# Spearmint EO



## Lindy (Jun 15, 2009)

I just bought some Spearmint EO - LOVE IT - my question is this....is it the same kind of irritant that Peppermint is?  I am so in love with this scent and want to use it in a soap.....


----------



## heyjude (Jun 15, 2009)

Lindy,

I love spearmint too.   
 I hope it's not an irritant, I would really like to buy some.

Do you mind sharing with me where you bought yours?

Jude


----------



## Lindy (Jun 15, 2009)

Hi Jude - I bought it from http://www.voyageursoapandcandle.com/store/details.asp?prodid=64630&cat=933&path=93,933.  It smells absolutely divine!!!  I already put it into a cream to use as aromatherapy - so far it doesn't irritate but I could just be lucky on this one.....


----------



## heyjude (Jun 15, 2009)

Thanks, Lindy.
Using it in a cream for aromatherapy sounds wonderful!!

 

Jude


----------



## Lindy (Jun 15, 2009)

I'm thinking about making some Perfume Creams - gotta play with that one and see what I can come up with....


----------



## KSL (Jun 17, 2009)

I was thinking of putting some in a lotion bar..


----------



## Guest (Jun 17, 2009)

It is really nice in lotion bars / tarts . I love the scent of spearmint. 

Kitn


----------



## KSL (Jun 17, 2009)

I was also thinking of adding some menthol liquid for the cooling effect.. you know.. for sore muscles.. (I think I posted that somewhere else too, lol)


----------



## krissy (Jun 17, 2009)

i used spearmint and rosemary in my green and cream castile and the smell is great and i have been using the soap with no tingle or anything like peppermint has done before.


----------



## Lindy (Jun 19, 2009)

Thank you!  I really love this scent too - yup, going to have to make some soap with it and some lotion bars......it's good to know it is less irrating than peppermint....


----------



## soapbuddy (Jun 19, 2009)

KSL said:
			
		

> I was also thinking of adding some menthol liquid for the cooling effect.. you know.. for sore muscles.. (I think I posted that somewhere else too, lol)
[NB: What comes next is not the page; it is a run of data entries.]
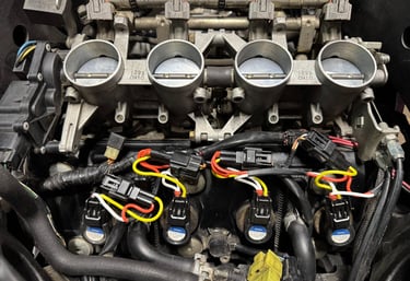 Locate a secure and protected area on the motorcycle for mounting the control box — ideally under the seat or within a similarly sheltered location. Carefully route all wiring from the control box to the linkage, ensuring cables are free from sharp edges, heat sources, or any moving components that could cause damage. Shifty quickshifter connects directly to the plug-top ignition coils, offering several key advantages. One of the most significant benefits is complete independence from the motorcycle's ECU and factory wiring harness. This design ensures more consistent and precise shifting performance—often surpassing that of ECU-integrated systems.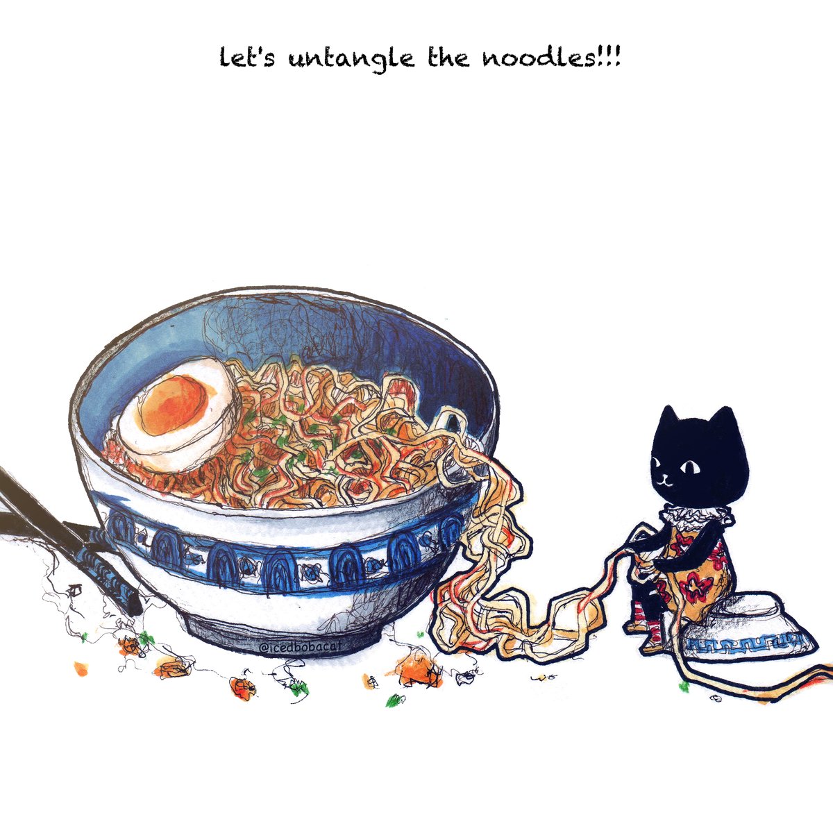29/11/22 Cat untangling noodles 🍜🍜 #icedbobadraw #イラスト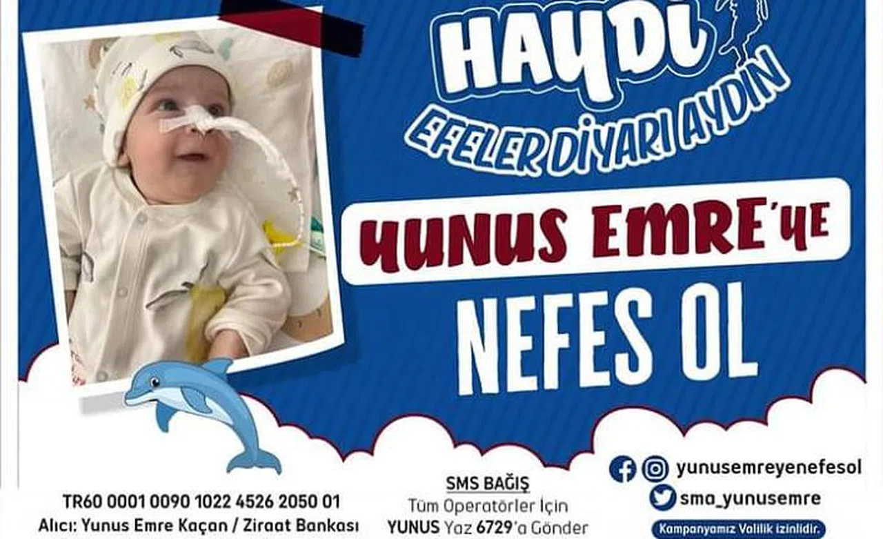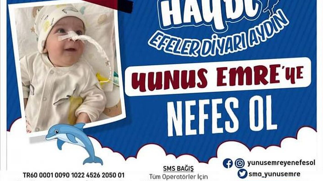 Bakımı çok zahmetli ve tedavisi çok pahalı olan hastalıkla mücadele eden Yunus Emre bebek, daha 2 aylıkken elleri içeri çekildi ve göğüs kafesi çöktü. Hastalığın pençesinde makinelere bağlı yaşamını sürdüren Yunus Emre bebeğin tedavisi ve diğer masrafları için bugünkü kurla gerekli olan 31,5 milyon TL’nin toplanması için gerek kurumsal gerek bireysel olarak farkındalık etkinlikleri devam ediyor.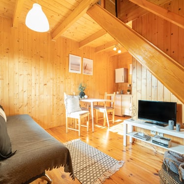 Salonik: TV LED, stolik tv, rozkładana kanapa/sofa, lampa do czytania, wieszak,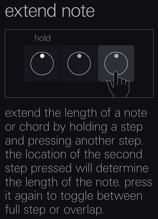 If you have a chord on step 1 and a chord on step 5, you can make the chords slightly overlap by setting step 1’s duration to 5 steps, pressing the 5th step again for the dim LED.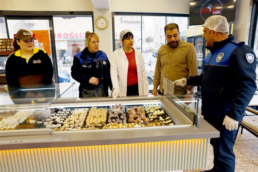 Bayraklı Belediyesi Zabıta Müdürlüğü ekipleri ilçe genelinde halk sağlığını koruma amacıyla yürütülen denetimleri, Ramazan Bayramı dolayısıyla yoğunlaştırdı. Tatlı üretimi ve gıda satışı yapan işletmeler, gıda yüksek mühendisi ve zabıta ekipleri tarafından titizlikle incelendi. Denetimlerde ürünlerin üretim koşulları, hijyen, depolama şartları, gramaj ve işletmelerin yasal belgeleri kontrol edildi. Mevzuata aykırı işlemlerde bulunan işletmelere uyarılarda bulunuldu. Ayrıca Ramazan ayı boyunca ilçe genelindeki camiler dezenfekte edilerek bayrama hazır hale getirildi.

You need very, very little of menthol. It's very strong.


----------



## mandolyn (Jun 29, 2009)

No tingle with spearmint. I use it in a spa bar that's just so fresh smelling.


----------



## artisan soaps (Jun 30, 2009)

..


----------



## mandolyn (Jun 30, 2009)

artisan soaps said:
			
		

> mandolyn said:
> 
> 
> 
> ...



I use .7 oz per lb of oils with EO's. My spa bar doesn't have salt, it's just my scent blend that reminds me of ocean breezes - fresh & clean smelling. I should try it with salt, though. Some day!!


----------



## artisan soaps (Jul 1, 2009)

..


----------



## mandolyn (Jul 1, 2009)

artisan soaps said:
			
		

> Thanks mandolyn .. Your bars sound lovely!



You're welcome & thanks. It's one of my best sellers. I did bath salts to match, but they didn't sell. My customers say they don't have time to soak in a tub!


----------